Your objective:
Below are records; the lines starting at the one with "The IGBT driver has an" and ending at the one with "The BatWing sculpture" must be reproduced exactly, both included. Pictures must not appear.

Records for the exercise:
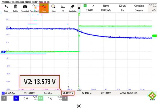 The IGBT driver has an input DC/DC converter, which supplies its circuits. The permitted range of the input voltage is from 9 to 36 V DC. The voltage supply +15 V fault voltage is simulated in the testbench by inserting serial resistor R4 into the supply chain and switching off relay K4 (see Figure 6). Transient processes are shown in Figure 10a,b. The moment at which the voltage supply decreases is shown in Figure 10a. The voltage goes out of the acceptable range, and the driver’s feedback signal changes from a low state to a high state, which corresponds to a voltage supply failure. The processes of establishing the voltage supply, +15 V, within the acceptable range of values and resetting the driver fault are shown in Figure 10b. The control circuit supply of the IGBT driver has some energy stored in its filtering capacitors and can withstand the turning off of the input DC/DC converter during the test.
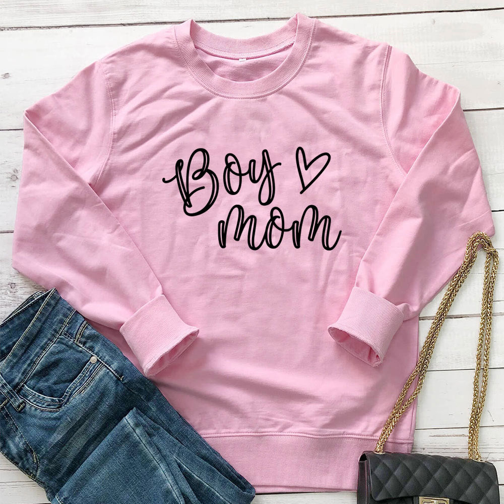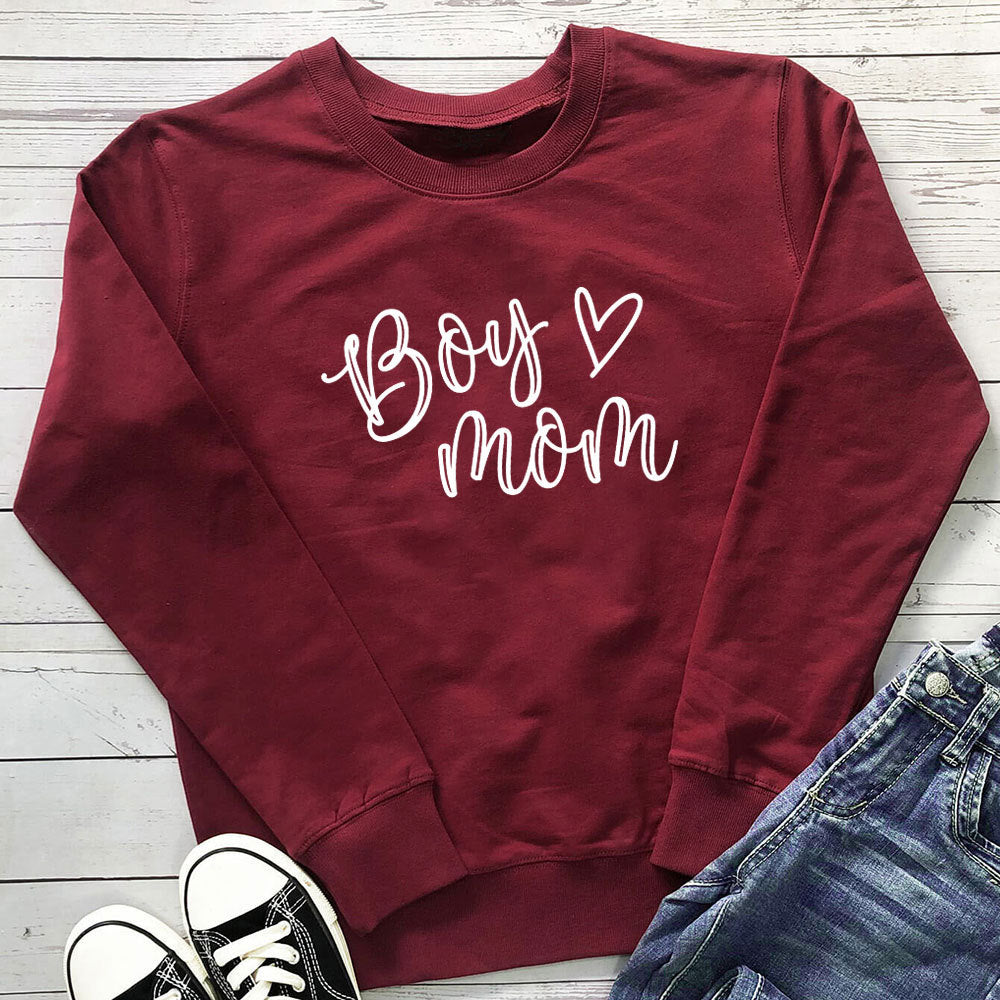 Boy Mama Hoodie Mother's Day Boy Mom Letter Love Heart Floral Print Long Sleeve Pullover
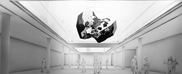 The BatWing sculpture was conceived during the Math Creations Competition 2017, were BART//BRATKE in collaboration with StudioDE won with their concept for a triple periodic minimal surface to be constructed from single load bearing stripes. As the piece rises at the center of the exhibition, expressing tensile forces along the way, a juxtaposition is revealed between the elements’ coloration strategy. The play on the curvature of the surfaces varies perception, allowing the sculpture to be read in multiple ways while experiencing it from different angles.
* * *
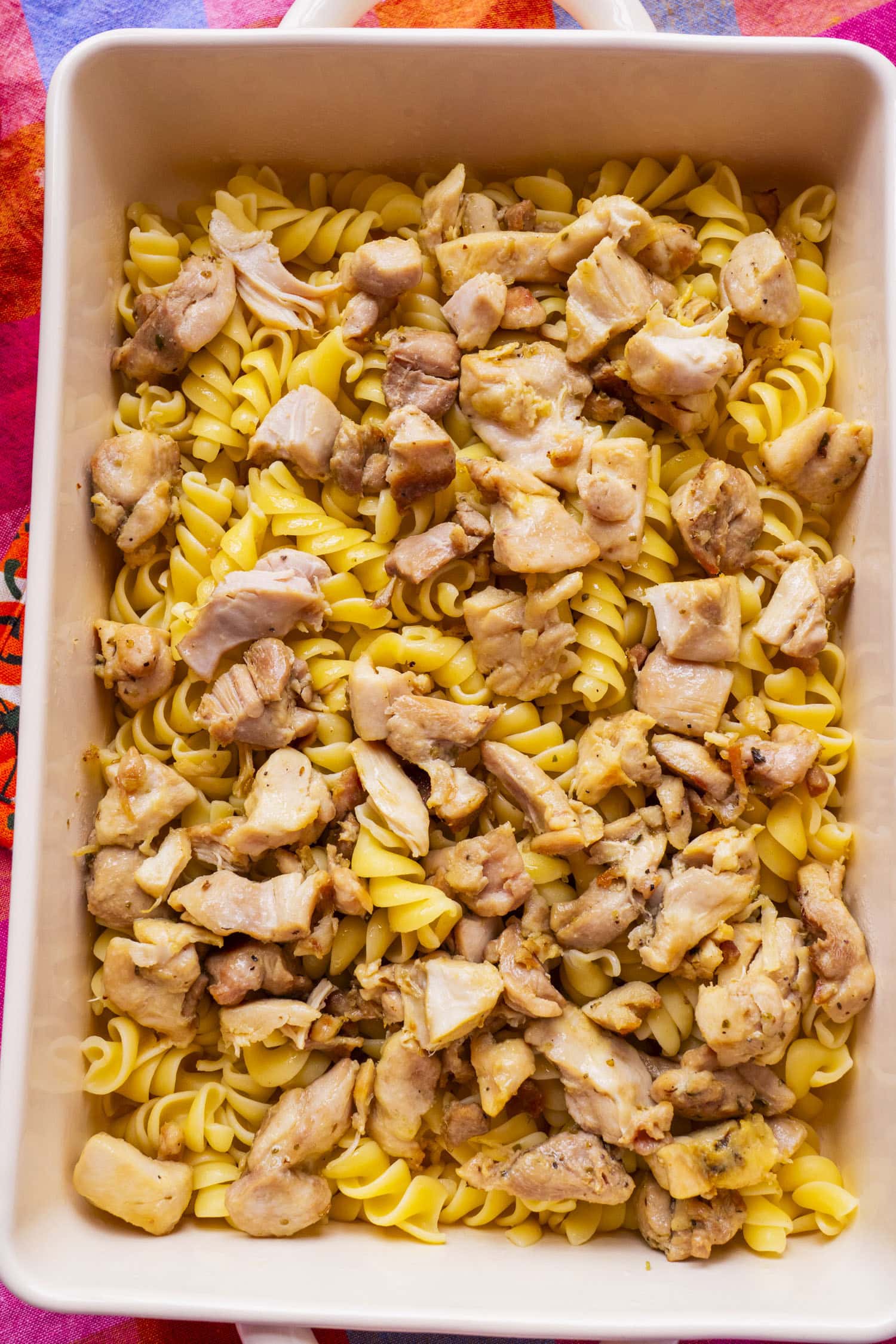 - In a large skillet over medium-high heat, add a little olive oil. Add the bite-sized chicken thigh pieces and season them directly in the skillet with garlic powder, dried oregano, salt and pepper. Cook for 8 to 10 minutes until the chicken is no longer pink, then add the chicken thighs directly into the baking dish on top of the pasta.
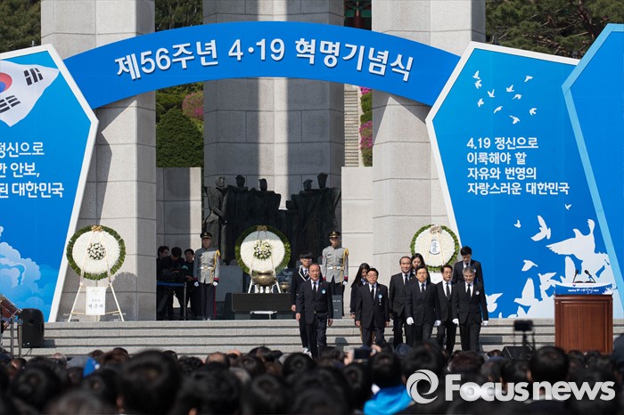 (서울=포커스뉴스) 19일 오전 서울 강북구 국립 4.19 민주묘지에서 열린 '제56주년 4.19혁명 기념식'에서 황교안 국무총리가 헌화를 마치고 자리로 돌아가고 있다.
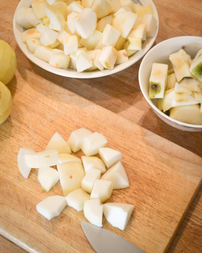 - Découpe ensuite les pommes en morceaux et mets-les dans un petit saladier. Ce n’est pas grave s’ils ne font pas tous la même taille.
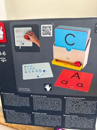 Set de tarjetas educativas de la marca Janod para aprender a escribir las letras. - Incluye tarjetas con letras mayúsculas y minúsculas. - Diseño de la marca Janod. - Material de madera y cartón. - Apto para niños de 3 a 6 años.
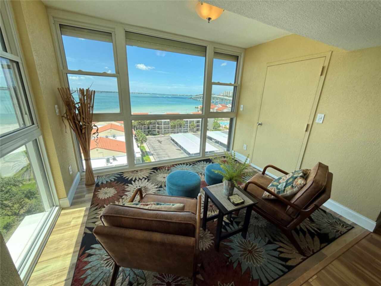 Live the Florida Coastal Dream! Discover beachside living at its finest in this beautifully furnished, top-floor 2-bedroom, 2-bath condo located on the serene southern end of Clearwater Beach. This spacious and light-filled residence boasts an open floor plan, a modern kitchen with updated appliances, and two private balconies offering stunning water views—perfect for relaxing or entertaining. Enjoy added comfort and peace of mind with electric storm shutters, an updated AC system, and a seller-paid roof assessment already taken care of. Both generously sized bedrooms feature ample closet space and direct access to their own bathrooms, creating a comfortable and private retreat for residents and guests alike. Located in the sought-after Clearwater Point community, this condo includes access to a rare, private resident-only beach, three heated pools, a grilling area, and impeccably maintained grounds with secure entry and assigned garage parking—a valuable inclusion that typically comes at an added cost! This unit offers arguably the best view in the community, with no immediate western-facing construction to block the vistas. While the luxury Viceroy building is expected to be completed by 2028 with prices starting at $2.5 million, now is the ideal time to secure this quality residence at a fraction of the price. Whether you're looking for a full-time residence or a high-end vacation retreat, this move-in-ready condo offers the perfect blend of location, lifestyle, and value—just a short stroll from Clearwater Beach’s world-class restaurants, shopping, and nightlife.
* * *
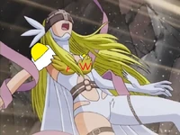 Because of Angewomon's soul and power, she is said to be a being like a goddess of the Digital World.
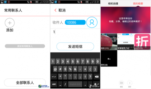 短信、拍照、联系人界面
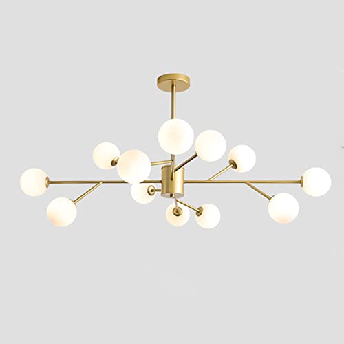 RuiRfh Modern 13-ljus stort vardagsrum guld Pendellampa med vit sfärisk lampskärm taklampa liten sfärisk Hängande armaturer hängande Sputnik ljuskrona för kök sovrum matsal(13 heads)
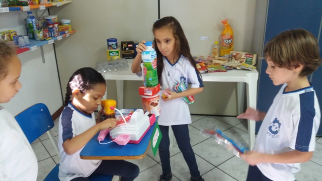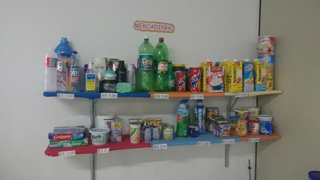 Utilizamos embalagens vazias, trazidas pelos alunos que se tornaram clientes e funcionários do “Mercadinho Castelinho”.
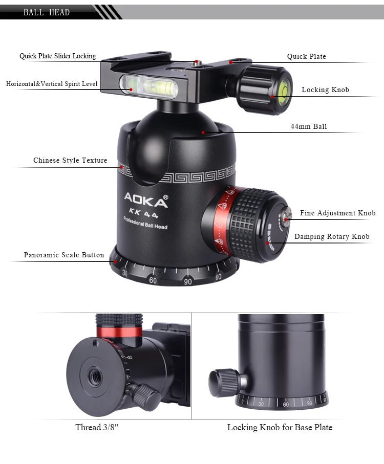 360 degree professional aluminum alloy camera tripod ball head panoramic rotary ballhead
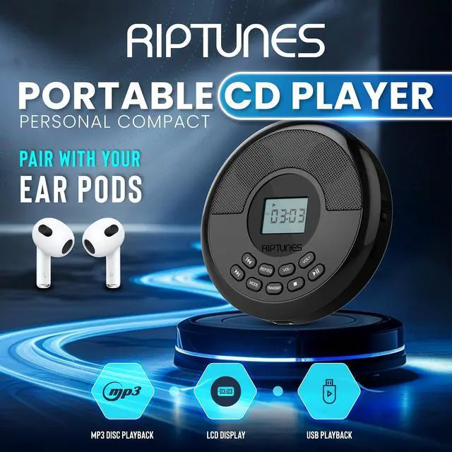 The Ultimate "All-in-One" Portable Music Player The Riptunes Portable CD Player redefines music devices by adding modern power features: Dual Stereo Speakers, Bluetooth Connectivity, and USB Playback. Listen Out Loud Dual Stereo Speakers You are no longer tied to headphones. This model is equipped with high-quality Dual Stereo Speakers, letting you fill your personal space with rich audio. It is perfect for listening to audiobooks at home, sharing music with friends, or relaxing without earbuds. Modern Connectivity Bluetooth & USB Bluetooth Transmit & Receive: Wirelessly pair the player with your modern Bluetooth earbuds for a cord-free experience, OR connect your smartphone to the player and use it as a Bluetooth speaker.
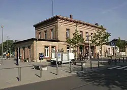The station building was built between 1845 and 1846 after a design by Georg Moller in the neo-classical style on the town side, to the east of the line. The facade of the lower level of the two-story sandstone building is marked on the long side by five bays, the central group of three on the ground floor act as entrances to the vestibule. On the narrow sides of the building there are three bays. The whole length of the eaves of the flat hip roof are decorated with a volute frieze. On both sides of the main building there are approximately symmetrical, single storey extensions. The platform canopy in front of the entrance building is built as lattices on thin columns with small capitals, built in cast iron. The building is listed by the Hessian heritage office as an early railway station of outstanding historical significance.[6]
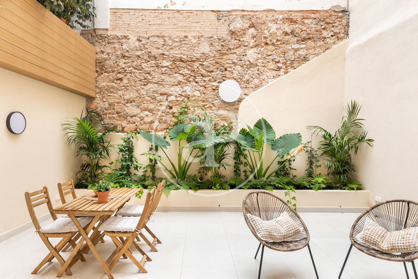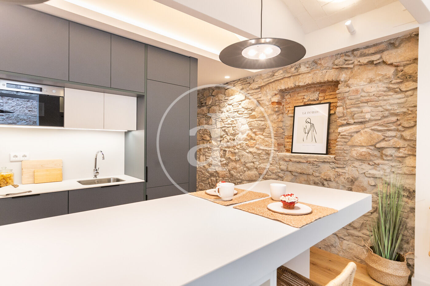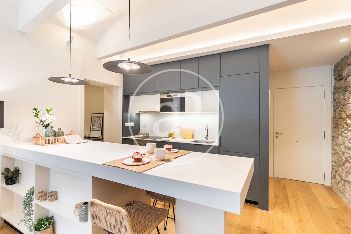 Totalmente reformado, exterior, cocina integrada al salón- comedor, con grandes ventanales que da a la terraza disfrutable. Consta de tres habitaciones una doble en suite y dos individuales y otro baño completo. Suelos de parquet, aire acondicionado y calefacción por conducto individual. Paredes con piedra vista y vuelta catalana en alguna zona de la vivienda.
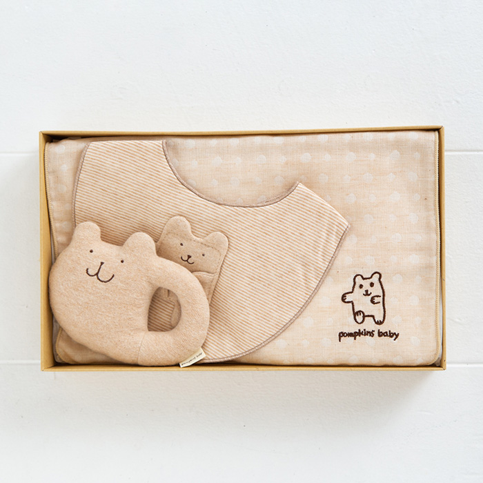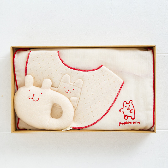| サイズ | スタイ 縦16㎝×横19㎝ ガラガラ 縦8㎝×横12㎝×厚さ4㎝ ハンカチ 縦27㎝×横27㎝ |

Expected answer:
 The IGBT driver has an input DC/DC converter, which supplies its circuits. The permitted range of the input voltage is from 9 to 36 V DC. The voltage supply +15 V fault voltage is simulated in the testbench by inserting serial resistor R4 into the supply chain and switching off relay K4 (see Figure 6). Transient processes are shown in Figure 10a,b. The moment at which the voltage supply decreases is shown in Figure 10a. The voltage goes out of the acceptable range, and the driver’s feedback signal changes from a low state to a high state, which corresponds to a voltage supply failure. The processes of establishing the voltage supply, +15 V, within the acceptable range of values and resetting the driver fault are shown in Figure 10b. The control circuit supply of the IGBT driver has some energy stored in its filtering capacitors and can withstand the turning off of the input DC/DC converter during the test.
 Boy Mama Hoodie Mother's Day Boy Mom Letter Love Heart Floral Print Long Sleeve Pullover
 The BatWing sculpture was conceived during the Math Creations Competition 2017, were BART//BRATKE in collaboration with StudioDE won with their concept for a triple periodic minimal surface to be constructed from single load bearing stripes. As the piece rises at the center of the exhibition, expressing tensile forces along the way, a juxtaposition is revealed between the elements’ coloration strategy. The play on the curvature of the surfaces varies perception, allowing the sculpture to be read in multiple ways while experiencing it from different angles.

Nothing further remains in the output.